For these reasons, I introduced Docker in my data science workflow.

What Is Docker?

Docker is a tool that simplifies the installation process for software engineers. To explain in a very simple way (sorry, Docker gurus, for this definition), Docker creates a super lightweight virtual machine that can be run in very few milliseconds and contains all we need to run our environment in the right way.

If you would read more, this is the Docker official website.

The goal of this post is to create an environment to run a very simple Jupyter notebook.

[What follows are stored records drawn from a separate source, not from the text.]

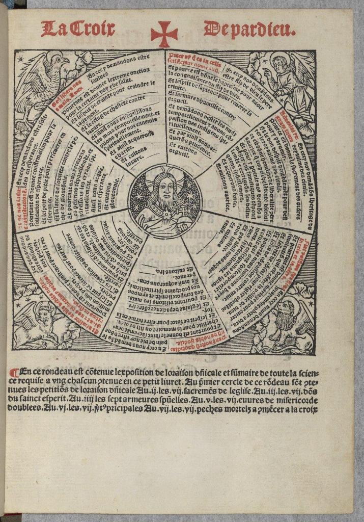 La quaternité est l’élément dominant des visions. Elle est déterminée par rapport au centre où se trouve le trône – feu – lumière. La quaternité est vivante ; elle est la vie. La croix est symbole de ce quaternaire. En effet, la caractéristique de la croix c’est d’être une figurée centrée. Elle est l’intermédiaire entre le carré et le cercle (Voir la croix pattée des Templiers, ainsi que la croix zodiacale avec les points cardinaux, les solstices et les équinoxes). Le tétramorphe est figuré sur les tympans romans en amande avec le Christ au centre. Cette figuration reçoit toute sa signification que par cette présence au centre. C’est en effet Lui qui les anime, depuis la vie animale jusqu’à la vie angélique.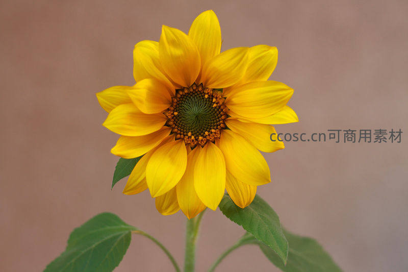 一朵向日葵在柔和光线下被清晰捕捉,从饱满的黄色花瓣到中心精密的花盘结构,再到衬托的绿叶,每一处细节都展现着自然的精妙。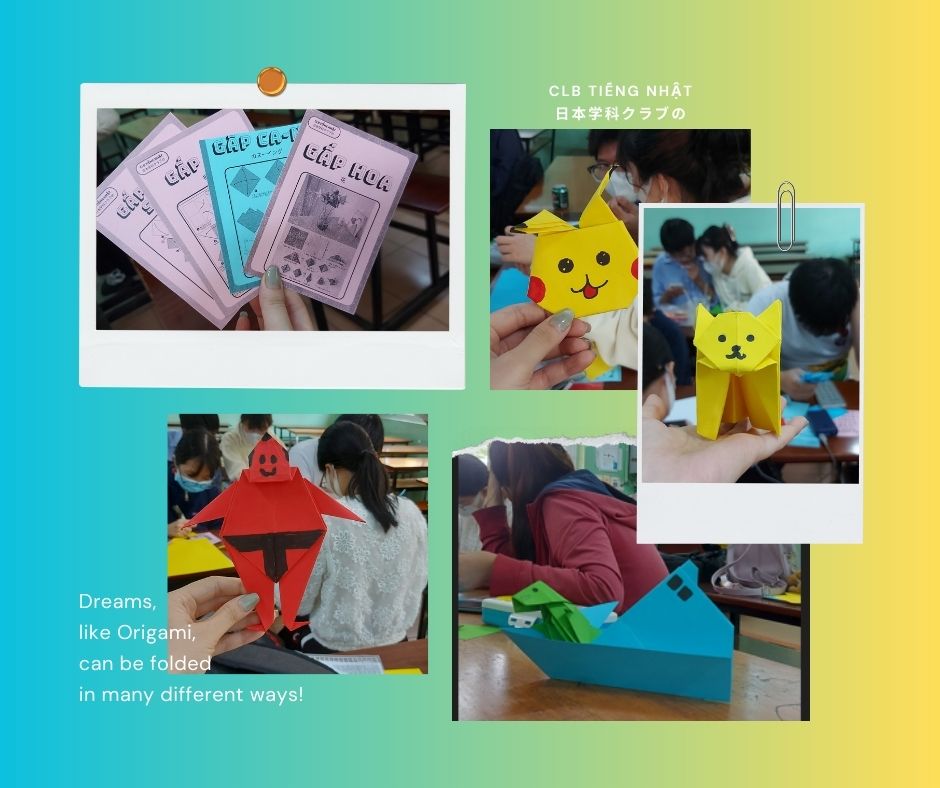 Chắc hẳn ai trong chúng ta cũng đã từng một lần gấp máy bay, hạc giấy, ngôi sao,… cho vào lọ thủy tinh lúc nhỏ nhưng không phải ai cũng biết về nguồn gốc, xuất xứ của loại hình nghệ thuật gấp giấy – Origami. Từ khi xuất hiện thì Origami đã trở thành một nét thú vị trong phong tục của người Nhật. Chỉ cần sử dụng những mảnh giấy nhỏ là đã có thể biến hóa thành những hình dạng khác nhau, có thể là một con vật, bông hoa, hay đồ vật nào đó. Nhằm giúp các bạn sinh viên hiểu hơn về nghệ thuật đặc sắc, thú vị này, CLB Tiếng Nhật đã tổ chức chương trình gấp giấy nghệ thuật Origami vào lúc 8 giờ sáng thứ 7 (24/06/2023) tại phòng B06. Dưới sự chia sẻ và hướng dẫn của ban tổ chức, các bạn đã hiểu hơn về nghệ thuật gấp giấy và có cơ hội tự tay trải nghiệm sự khéo léo với bộ môn này.
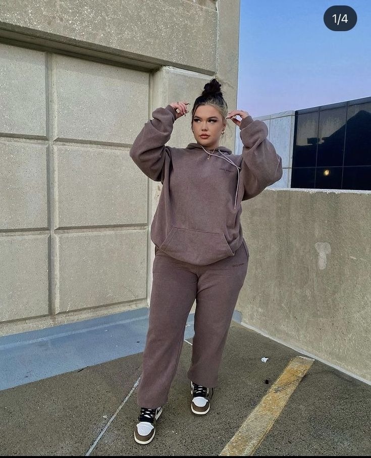 Объемный и рыхлый материал, который не держит форму, визуально увеличивает фигуру. Как мне кажется, этот небрежный образ неуместен нигде, кроме спортзала. Да и для тренировок можно одеться гораздо интереснее. А вот если разбить костюм и носить худи и джоггеры отдельно, ситуация исправится.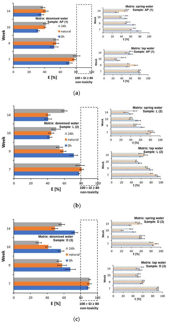 Germination tests taking advantage of Sinapis alba and Lepidium sativum showed a higher sensitivity of the germinated seeds compared to Lemna minor fronds (Supplementary Materials, Tables S12–S14). The root length constitutes a very sensitive parameter, and a number of environmental factors can cause growth inhibition, deformation, or damage []. An initially non-toxic effect of the water matrices on the growth of Sinapis alba root length was observed, in all the analysed cases, during week 7 of the study (Figure 7a–d). Then, the growth inhibition values increased at weeks 9, 10, and 14 of the study, and the analysed water matrices were toxic in regard to the germinating seeds. An increase in root inhibition was also observed in the studies taking advantage of Lepidium sativum, but this did not depend so significantly on the duration of the study. Also in the germination tests, the relationship between the matrix type and lighting conditions and the size of the toxic effect was not confirmed (Figure 7a–d; Supplementary Materials, Tables S12–S14). A visual observation of the deposition of deposits on the surface of the foil samples was carried out, the results of which are shown in selected photos presented in Figure 2g–i,l. The obtained results of the growth inhibition, germination inhibition, or mortality of crustaceans can be related to the increase in the amount of substances washed out from the foil into the water matrix, and, therefore, to the increase in chemical compounds to which the test organisms may be sensitive. Available studies show the effect of leachate in plastics on the growth and development of germinating Lepidium sativum seeds [,]. Among the abnormalities noted, not only was the root length shortened, but also thickened roots, twisted hypocotyls, or distorted and/or extra cotyledons were indicated. Such deformations were also observed in the conducted experiment concerning samples from week 10 and week 14 of the study. Stephan Pflugmacher et al., in 2021, in their study, emphasise that the observed phytotoxic effect decreases along with the prolonged ageing of plastics, which may indicate a reduction in the leaching of toxic substances []. A number of studies are available that confirm the significant toxicity of substances leached out of plastics, for example, involving the use of Daphnia magna crustaceans, Nitocra spinipes invertebrates, and Acartia tonsa, or microalgae [,,,].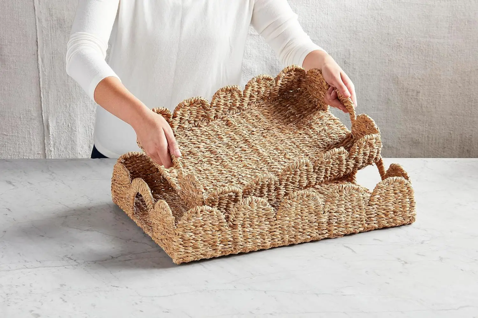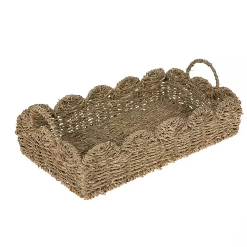 Eco Friendly Rustic Seagrass Rectangular Tray Handwoven Scalloped Edge Serving and Decorative Tray
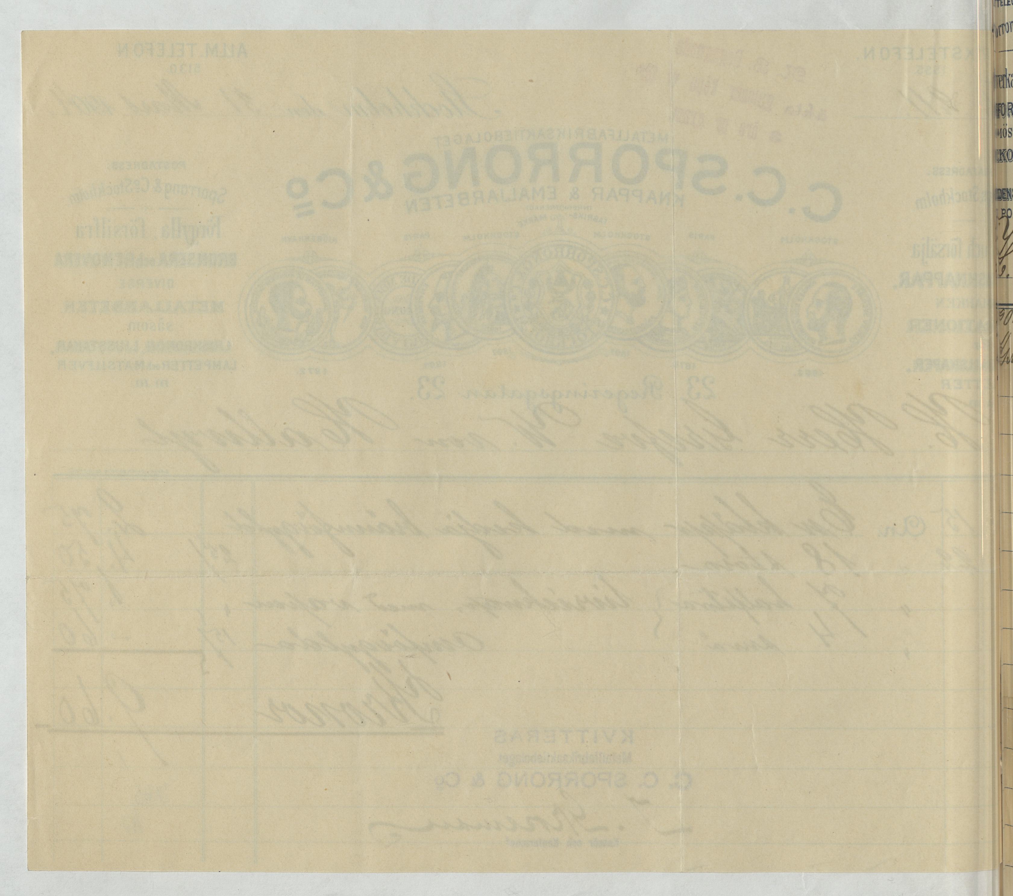 Kvitto från Metallfabriksaktiebolaget C. C. Sporrong & Co. Knappar & Emaljarbeten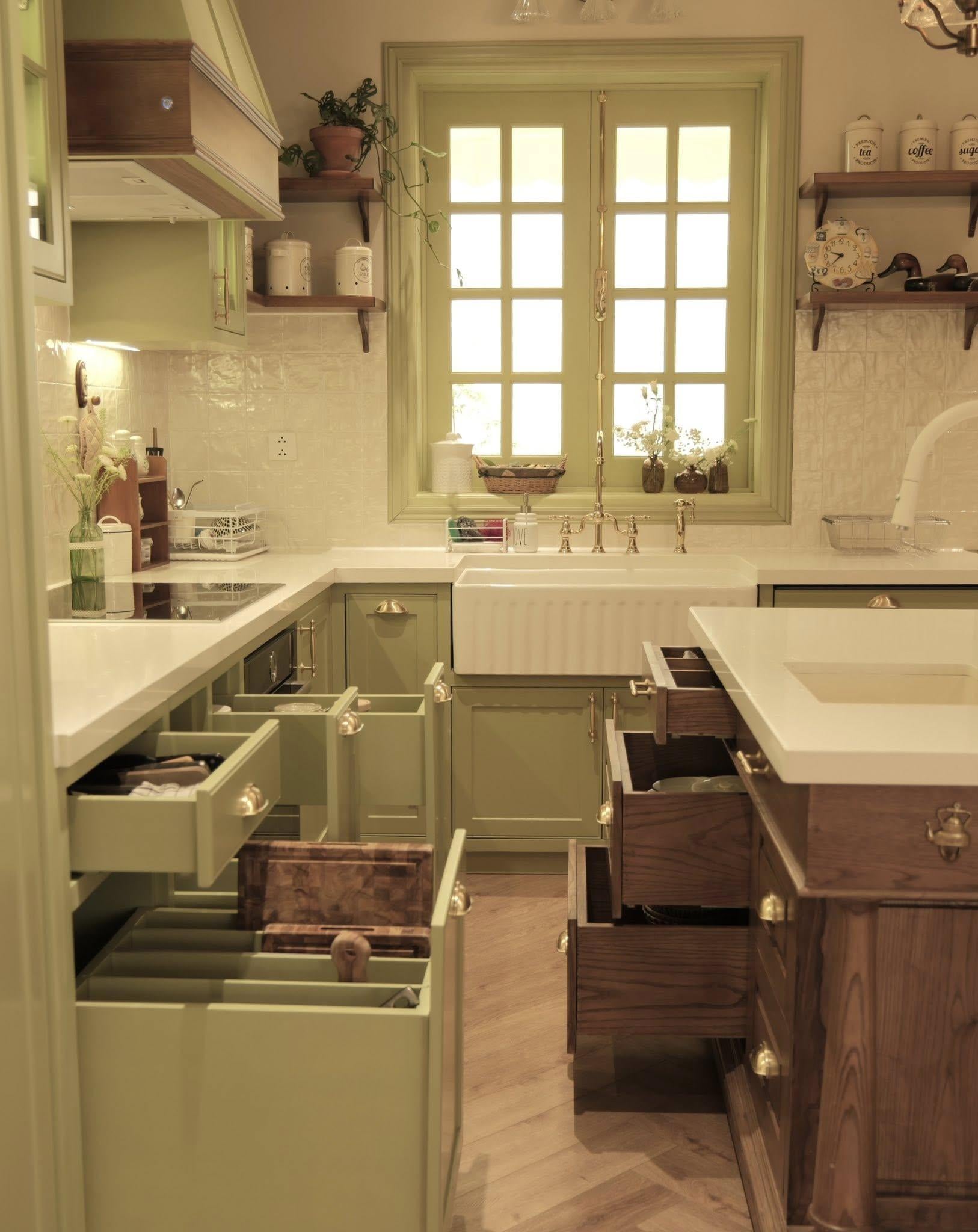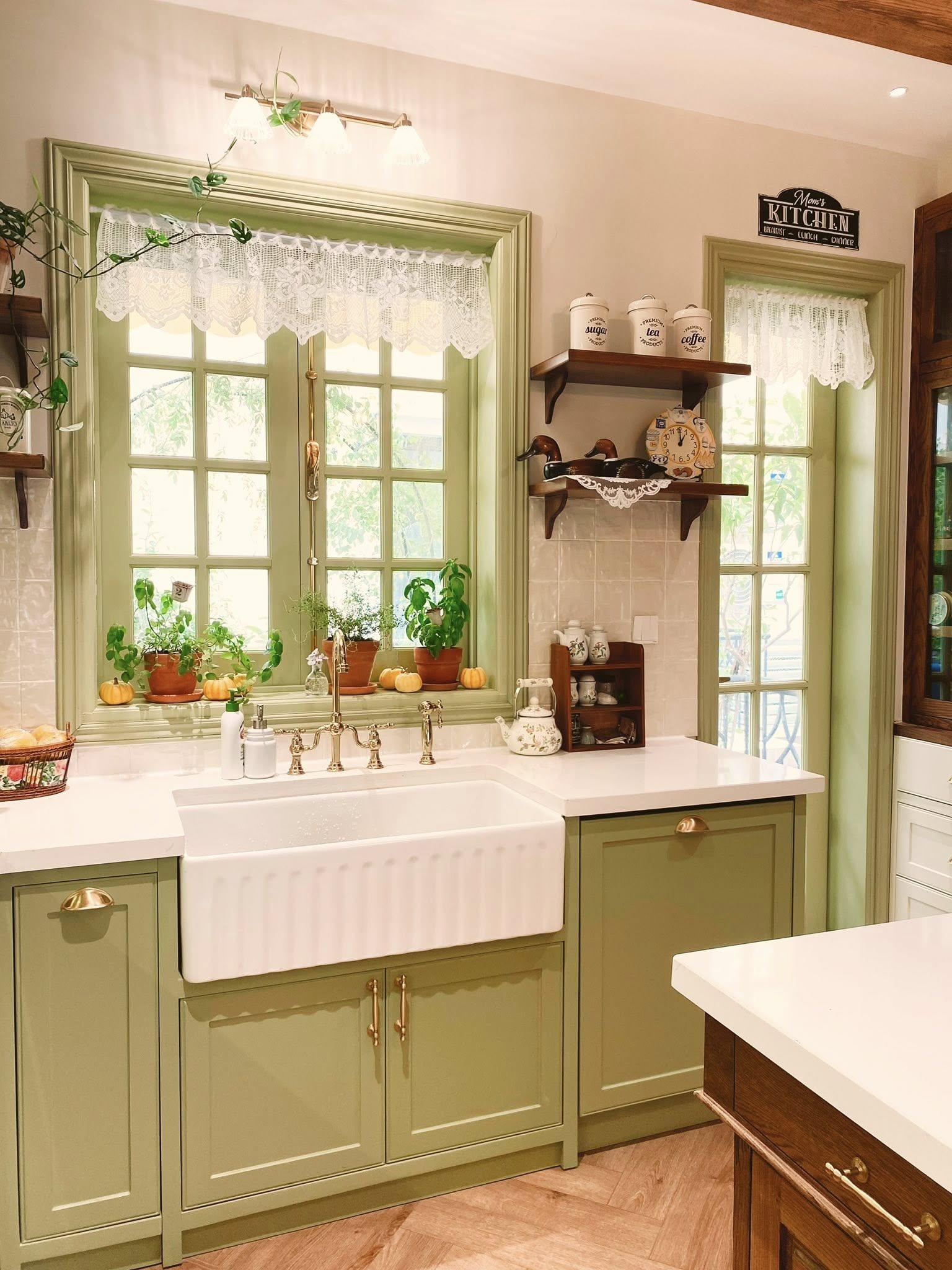 Căn bếp xanh bơ đậm chất cottagecore: Tổ ấm nhỏ của người yêu nội trợ

First of all, we need to install Docker for the correct platform.

Now, we can start to create our environment. Really, we can pull a ready-to-use container for this. On Docker Hub, there are a lot of ready to use images. For example:

  • dataquestio/python3-starter
  • dataquestio/python2-starter

But my goal is to create my own environment from scratch!

Open your favorite text editor and start to create the Dockerfile. Dockerfile is a file that describes how the container will be built:

# base image
FROM python:3.6

# updating repository
RUN apt-get update

# copying requirements.txt file
COPY requirements.txt requirements.txt

# pip install
RUN pip install --no-cache -r requirements.txt

# exposing port 8888
EXPOSE 8888

# Running jupyter notebook
# --NotebookApp.token='mynotebook' is the passsword
CMD ["jupyter","notebook","--no-browser","--ip=0.0.0.0","--allow-root","--NotebookApp.token='mynotebook'"]
  1. Start with a simple python3 image that is based on Debian.
  2. Then update all packages at last version.
  3. Copy the requirements.txt that describes all Python packages we need for our data science environment.
  4. Run the installation of all packages.
  5. Expose the port for Jupyter.
  6. Run the command to start the Jupyter notebook.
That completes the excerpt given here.